最近看完了空间计量经济学的理论部分,因此打算开始学习一下实战,实战所使用的主要是GEODA家族的软件包们,首先还是打算先学习python的pysal包,毕竟还是更喜欢代码,而且相较于GEODA和GEODASPACE,写代码还是会更灵活一点。这一部分也打算写一个系列,这是第一块,数据读取及预处理,以及权重矩阵的一些知识和代码,这个系列主要侧重于代码,理论的话基本就不涉及啦,需要的可以学习下沈体雁,于瀚辰老师写的《空间计量经济学》。主要是借助《空间计量分析软件》一本书来学习,书中的pysal的版本应该是1.x的,而现在pysal更新到2.x了,很多书中的代码不一定可以,但是为了方便学习,我还是安装了pysal1.14.4,学会了之后改到2.x想必也是轻松的。
import numpy as np
import pysal as ps
import libpysal as lps
E:\Anaconda\lib\site-packages\pysal\__init__.py:65: VisibleDeprecationWarning: PySAL's API will be changed on 2018-12-31. The last release made with this API is version 1.14.4. A preview of the next API version is provided in the `pysalnext` package. The API changes and a guide on how to change imports is provided at https://migrating.pysal.org
), VisibleDeprecationWarning)
E:\Anaconda\lib\site-packages\libpysal\examples\remotes.py:26: UserWarning: Remote data sets not available. Check connection.
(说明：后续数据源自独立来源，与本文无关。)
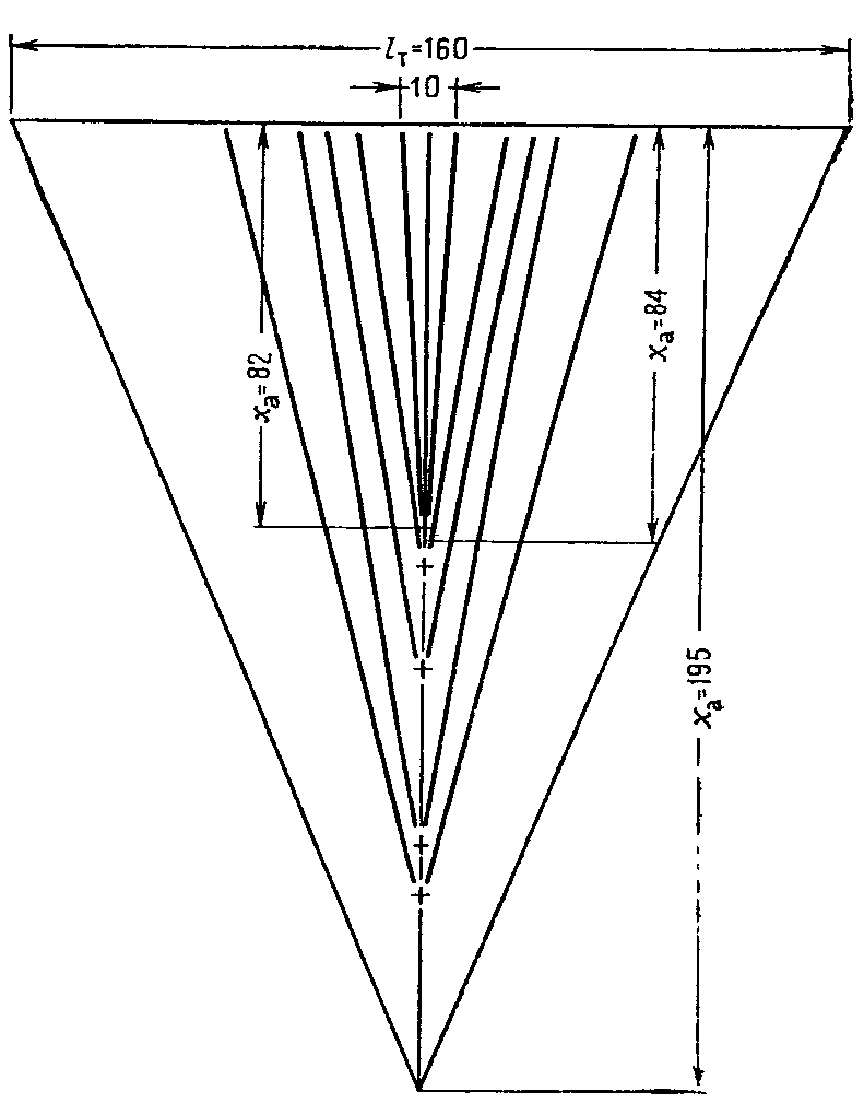 табл. 20 построить на прозрачной пленке или бумаге в рассматриваемом масштабе рабочую палетку (рис. 46). При необходимости на палетке можно интерполяцией установить промежуточные значения
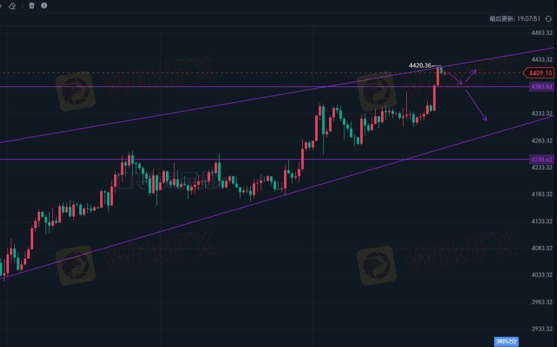 尽管当前处于回调阶段,但上升趋势的核心逻辑未变——这并非反转信号,而是多头行情中的蓄力整理。K线冲高回落的形态,实则是短期获利盘消化的过程,待回调到位后,多头反攻的动能将进一步凝聚。若金价首次触及4385-89支撑带,确认企稳后可直接布局多单;若回调幅度扩大,下探至4350-55强支撑区间,更是加仓进场的优质时机,依托通道下轨的支撑效应,后续上行空间值得期待。
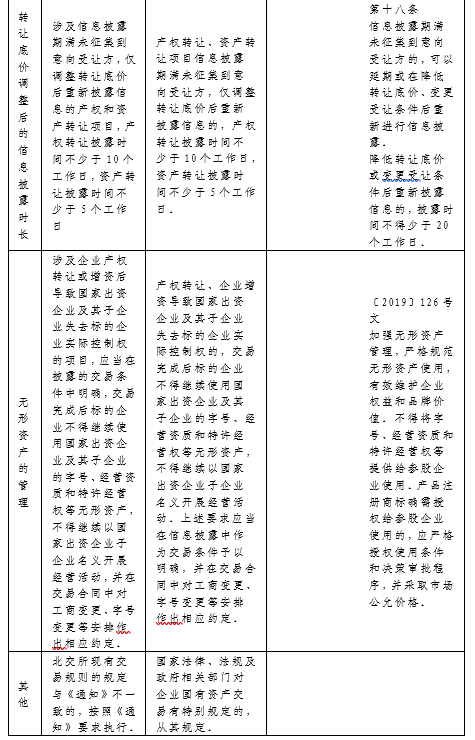 八、產(chǎn)權(quán)轉(zhuǎn)讓、資產(chǎn)轉(zhuǎn)讓項目信息披露期滿未征集到意向受讓方,僅調(diào)整轉(zhuǎn)讓底價后重新披露信息的,產(chǎn)權(quán)轉(zhuǎn)讓披露時間不少于10個工作日,資產(chǎn)轉(zhuǎn)讓披露時間不少于5個工作日。(與32號文相應(yīng)規(guī)定相比,縮短了信息披露的時間,提升了效率)
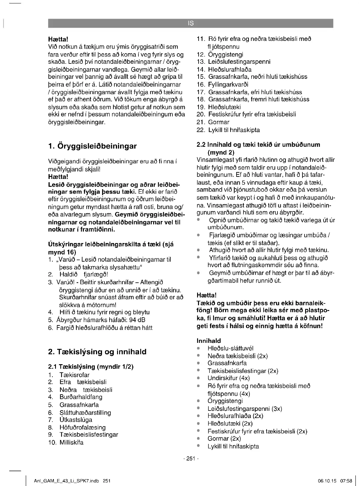 en að viðgerðir eða viðhald er hafi ð á þessu tæki verður ávallt að ganga úr skugga um að hnífaei- ningin sé ekki á snúningi og að búið sé að fjar- lægja öryggistengið úr tækinu. Viðvörun! Opnið aldrei útkastlúgu þegar að losa á safnpoka á meðan að mótor tækisins er í gangi. Hnífar á snúningi geta valdið sly- sum. Festið útkastslúguna eða safnkörfuna ávalt vel. Slökkvið ávallt á mótor tækisins áður en að þessir hlutir eru fjarlægðir. Haldið ávallt öruggu millibili sem stýribeisli gefur á milli sláttuhús og notanda. Fara verður sérstak- lega varlega þegar að snúið er við eða þegar að slegið er í kringum hluti eða runna. Athugið að stand notanda sé ávallt traust og notið gripgóðan og traustan skóbúnað og síðar buxur. Sláið ávallt þvert á halla. Af öryggisástæðum er bannað að slá í halla sem er yfi r 15 gráður með þessari sláttuvél. Farið sérstaklega varlega þegar að sláttuvélin er dregin afturábak í átt að notandanum. Hætta á að detta! Leiðbeiningar fyrir rétta sláttuvinnu Þegar að unnið er með þessari sláttuvél er mælt með því að leiðirnar fari að hluta yfi r hverja aðra. Sláið einungis með beittum og óskemmdum hnífum, þá verður grasið skorið án þess að merja það og fl öturinn verður síður gulur. Til þess að tryggja sem bestan skurð á grasinu ætti að halda leiðum sláttar beinum. Sláttuleiðir- nar ættu að leggjast yfi r hverja aðra um nokkra sentímetra þannig að ekki verðir óslegin hluti eftir. Hversu oft á að slá fer háð því hversu hratt grasið vex. Á aðal vaxtatíma (Maí – Júní) tvisvar í viku annar einu sinni í viku. Sláttuhæð ætti að vera á bilinu 4 – 6 cm og leifa síðan að vaxa 4 – 5 cm áður en að slegið er aftur. Ef að grasið hefur náð að vaxa meira ein vanalega ætti að forðast þau mistök að slá hann strax niður í venjulega hæð. Það skemmir grasið. Sláið ekki meira en hálfa grasengd. Haldið neðri hluta sláttuvélarinnar ávallt hreinum og fjarlægið grasrestar sem safnast saman þar. Uppsafnaðar grasrestar gera gangsetningu á tæki erfi ðari, gera slátt verri og takmarka útkastgetu grass. Ef slegið er í halla á ávallt að slá þvert á hann. Ef sláttuvélinni er beint á ská uppávið, kemur það í veg fyrir að hún renni niður. Stillið inn sláttuhæð eftir lengd grass. Sláið oftar yfi r fl ötinn þannig að einungis séum slegnir hámarks 4cm af grasi í einu. Slökkva verður á mótornum áður en að tækið er yfi rfarið á einhvern hátt. Athugið að hnífar tæki- sins snúast í nokkrar sekúndur eftir að búið er að slökkva á mótor þess. Reynið aldrei að stöðva hnífa þessa tækis. Athugið reglulega hvort að hnífurinn sé vel festur, að hann sé í góðu ásigko- mulagi og að hann sé beittur. Ef svo er ekki verður að skipta um þá eða brýna. Ef að hnífurinn sem er á hreyfi ngu kemst í snertingu við einhvern hlut, stöðvið þá sláttuvélina og bíðið þar til að hnífurinn hefur náð að stöðvast fullkomlega. Yfi rfarið eftir það hníf og festingu hans. Ef að skemmdir eru að fi nna verður að skipta um hann. Um leið og að tekið er eftir að grasrestar verða eftir á fl etinum ætti að tæma safnkörfuna. Varúð! Áður en að safnkarfan er fjarlæg verður að ganga úr skugga um að búið sé að slökkva á mótornum og bíða þar til að hann hefur náð að stöðvast full- komlega. Til þess að fjarlægja safnkörfuna verður að lyfta upp lúfunni með einni hendi og taka í burtu saf- nkörfuna með haldfanginu með hinni hendinni. Af öryggisástæðum fellur lúfan aftur niður þegar að safnkarfan hefur verið fjarlægð og lokar aftara útkastsopinu. Ef að grasrestar varða eftir í opinu ætti að draga sláttuvélina um það bil 1 metra afturábak til þess að auðvelda gangsetningu. Grasrestar í sláttuhúsi og á skurðareiningu ætti ekki að fjarlægja með höndum eða fótum heldur ætti ávallt að notast við viðeigandi verkfæri eins og til dæmis bursta eða handkúst. Til þess að tryggja að gras sé safnað vel saman við sláttur verður að ganga úr skugga um að hreinsa grassafnkörfuna eftir notkun. Fjarlægið einungis safngrindina á meðan að mó- tor tækisins hefur verið stöðvaður og bíðið þar til að hnífarnir hafa náð að stöðvast fullkomlega. Lyftið upp útkastlúfu með einni hend og setjið safnkörfuna á sinn stað með hinni hendinni að ofanverðu. Anl_GAM_E_43_Li_SPK7.indb 255Anl_GAM_E_43_Li_SPK7.indb 255 06.10.15 07:5806.10.15 07:58IS

warnings.warn("Remote data sets not available. Check connection.")
1.读取数据
读取数据并将数据转换成numpy格式。
db = ps.open(ps.examples.get_path('NAT.dbf'),'r')
db
DataTable: E:\Anaconda\lib\site-packages\pysal\examples\nat\NAT.dbf
print(len(db))
db.header
3085
['NAME',
'STATE_NAME',
'STATE_FIPS',
'CNTY_FIPS',
'FIPS',
'STFIPS',...]
db.by_col('HR90')
[0.0,
15.885623511,
6.4624531472,
6.9965017491,
...]
y = np.array([db.by_col('HR90')]).T
y
array([[ 0. ],
[15.88562351],
[ 6.46245315],
...,
[ 4.36732988],
[ 3.72771194],
[ 2.04885495]])
x_names = ['RD90','UE90']
x1=np.array([db.by_col(var) for var in x_names]).T
x1
array([[-0.80277374, 3.89479009],
[-0.13548304, 16.8115942 ],
[-0.27654392, 10.70079408],
...,
[-1.33977047, 4.1028878 ],
[-1.74736678, 3.35398107],
[-0.36114466, 5.48855304]])
x1.shape
(3085, 2)
2.邻接权重矩阵
下面建立的邻接权重矩阵的拓扑图如下图所示:
# 对一个3*3的方针从0开始按顺序编号,此外,加一个独立的9方块
# 邻接权重矩阵的结构,字典的形式,键是观测值id,值是与观测值id相邻接的观测值id
neighbors = {0:[3,1],1:[0,4,2],2:[1,5],3:[0,6,4],4:[1,3,7,5],5:[2,4,8],6:[3,7],7:[4,6,8],8:[5,7],9:[]}
# 与邻接权重矩阵结构相一致的权重,也是字典的形式,键是观测值id,值是和neighbors值对应的权重
weights = {0:[5,3],1:[3,2,4],2:[4,1],3:[5,7,2],4:[2,2,3,1],5:[1,1,8],6:[7,3],7:[3,3,8],8:[8,8],9:[]}
# 观测值序列的顺序
id_order = [9,0,3,6,1,4,7,2,5,8]
#创建pysal中的邻接权重矩阵
w = ps.W(neighbors=neighbors ,weights=weights,id_order=id_order)
w
E:\Anaconda\lib\site-packages\pysal\weights\weights.py:186: UserWarning: There is one disconnected observation (no neighbors)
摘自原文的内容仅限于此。